Thursday, August 13, 2009

falling.

i'm in love.

and i know it'll only end in heartbreak.

sigh.

what's a girl to do?

she feels herself slowly falling deeper and deeper. she wants to settle in, pull the love over her like a warm, knit blanket and snuggle up to her newest found obsession. but she can't. she knows that soon she'll be leaving and her lover and her will be separated for an unknown period of time (at least a year).

long distance won't work. they can't chat via phone or web cam, she would have to do all the visiting in the relationship and cheating is always possible.

and what if she leaves, and falls in love with someone new?

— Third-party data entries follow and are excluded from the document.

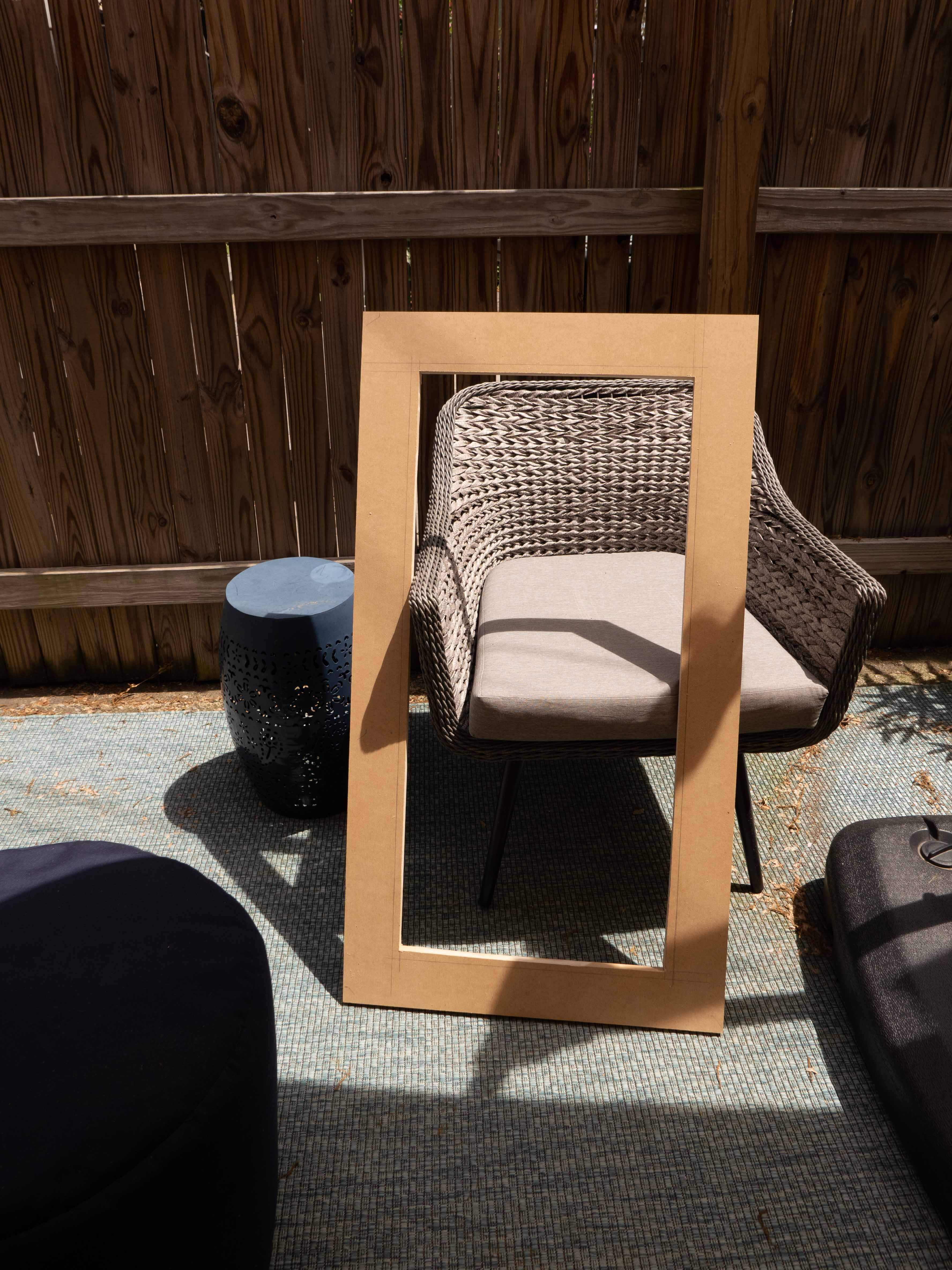 Interestly, the suggestion was to use MDF instead of wood. Mike thinks this is because it enables us to cut a window into a panel of MDF and then wouldn’t have any seams on the front. Here is what it looked like after we cut the window:
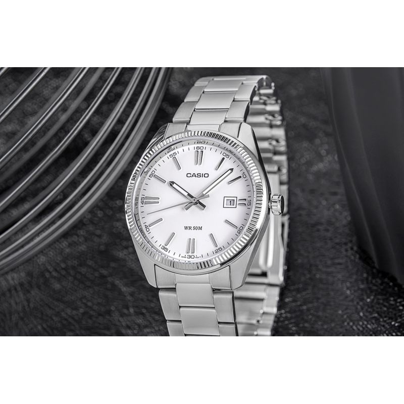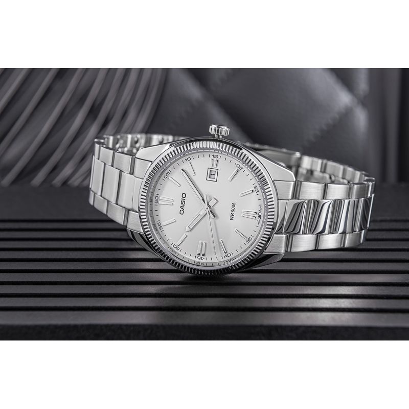 Zegarek Męski Casio MTP-1302PD-7A1VEF to klasyczny czasomierz, który łączy elegancję z prostotą. Jasna tarcza z wyraźnymi indeksami i datownikiem przy godzinie 3 jest bardzo czytelna i stylowa, a stalowa koperta i bransoleta nadają mu solidny, ponadczasowy charakter.
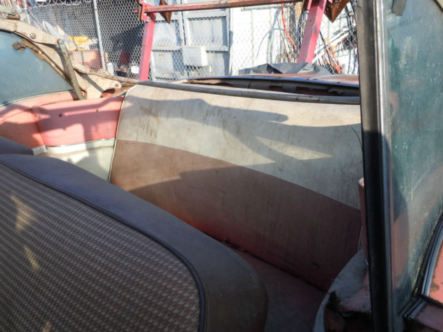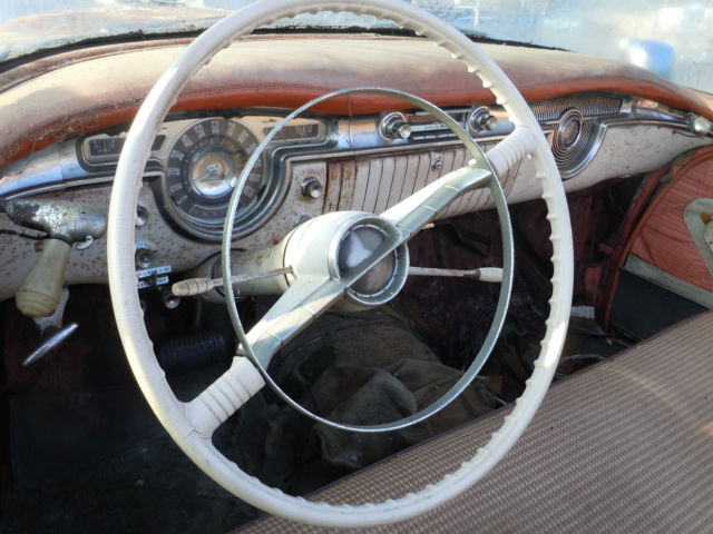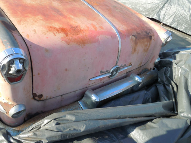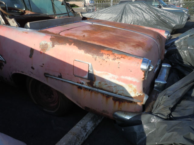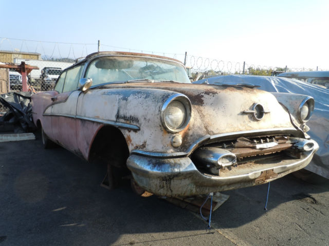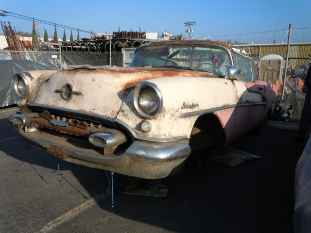 Up for sale is a 1955 Oldsmobile Starfire, as you can see in the pictures the front brakes have been removed. We should have everything to make it a roller. There is no engine or transmission in the car. But we can supply an engine and transmission to go with it. Please understand this car has been sitting for at least 20 years that I am aware of. It does have clear title with a CA no-op on it. No license plate. The car appears to have been coral and white, as were the other 2 that came from this lot. The right front fender may have been changed as I see blue paint under the peeling paint that is on it now. Please note the spot light is still on the car. Please understand this car needs a complete restoration. But with only 96 thousand miles showing on the odometer, how could you not love this car. I purchased this car with a load of parts as well as other cars. I have a 55 olds 88 conv avail, I have a 56 Ford crown hard top for sale, 1955 Ford Crown glass top that is available. I DO NOT WANT TO DEAL WITH TRANSPORATION. ITS NOT MY THING. I DO HAVE SOME PHONE NUMBERS THAT I CAN GIVE YOU.

it would be a different kind of love but it would be love. she would still harbor feelings for her old flame, never quite able to cut the connection but still moving forward in life.
so hesitation sets in, a sick feeling in the stomach knowing that you can't stop the free fall that is beginning to occur.

i guess - i'm ready to settle down.


i'm falling in love with washington d.c. and it's refusing to return my phone calls because it knows i'm leaving in just a few months.


instead, it drops subtle hints. makes references to a future it knows i cannot promise myself to and other girls names are showing up on its caller id.

heartbreak.
pure and simple.

the nomad life is wearing on me and the idea of consistency is becoming appealing.

a home, a neighborhood, friends, plans, neighbors who know your name, favorite restaurants, traditions, all are within my reach.

one day.

and while i know i'll return to this city one day, (don't ask why, i just know) i know that i'll miss it while i am away. it makes this romance bittersweet but even that more special. it reminds me to savor the little moments and enjoy the glitter of it all.

but that's the thing about love - there's always a chance that it's a fleeting emotion. you know it can come and go any day and the other might not return your affection. there will be heartbreak at the end (if it does end) but the heartbreak is worth it for all the shining moments before.

and if we aren't able to fall in love now, who says we'll ever be able to stay in love?

Tuesday, August 4, 2009

rooftops.

my rooftop is a place of peace. here is where i retreat whenever i feel overwhelmed. whenever i question my sanity as to my recent move or become overwhelmed at the idea of my unemployment – whenever i begin to question who i am or who i’m becoming – i go to very top and survey the sky.

i watch as the sun sets and the lights on capitol hill begin to brighten the night sky. i can see the Washington monument’s blinking red lights warning off approaching planes. to my eyes, these lights become the eyes of a friendly monster who wishes a plane would venture close enough to become a tasty snack. i’m not quite sure how our leaders would feel about their precious mason stone tower being referred to as a monster, but i think olgeorge would smile at the idea.

sometimes i want to stand on the very corner of my roof and blow millions and millions of kisses to the city below. i believe this city could use a little bit more of love and i think even just the tiniest amount of goodness i send from my rooftop are felt by the tenderest of hearts below.

i’m lonely.

a rather silly statement if you consider the fact that i live with two of my best friends. but if there is one thing i have learned recently it’s this: i am not a loner. i need my alone time as much as others and have often been called a loner but - i desperately need people.

desperately.

i need to talk to them, learn from them, eat with them, laugh with them, whatever. i desire interaction. mollie says i can make friends with anyone but i am quick to remind her these are usually just friendly chats with cashiers or bus drivers – not lasting friendships. i’m finally beginning to realize how much we all need each other (could be because i’ve been reading “eat, pray, love”). i hate to use that word “community” (it has become cliché and overused) but there is nothing i desire more than a dinner table piled with food and even larger amounts of conversation.

all i know is – it’s completely possible to be surrounded by millions of people and feel completely alone.

not that loneliness is a bad thing. it’s something i have to get used to considering the fact that i’ll be moving to a city full of complete strangers very soon. so i try to embrace it. i invite loneliness out to lunch, let it snuggle with me in bed, even offer to split my smoothie with it. loneliness and i will become friends. isn’t it amusing how closely the words fiends and friends are related?

the funny thing is – i’ve always prided myself on how independent i am. i don’t let many people close. not only is this approach safer but with the nomad life i’ve chosen it’s the “best” direction. but now that i need this so-called strength… i have no desire for it.

megs told me that for someone who says she's completely honest - i'm not completely honest. so i attempt honesty. i open my heart just a crack to say this statement which shows a weakness i don't like to admit.

now i realize that it’s much braver to admit that i need you. and yes, you need me.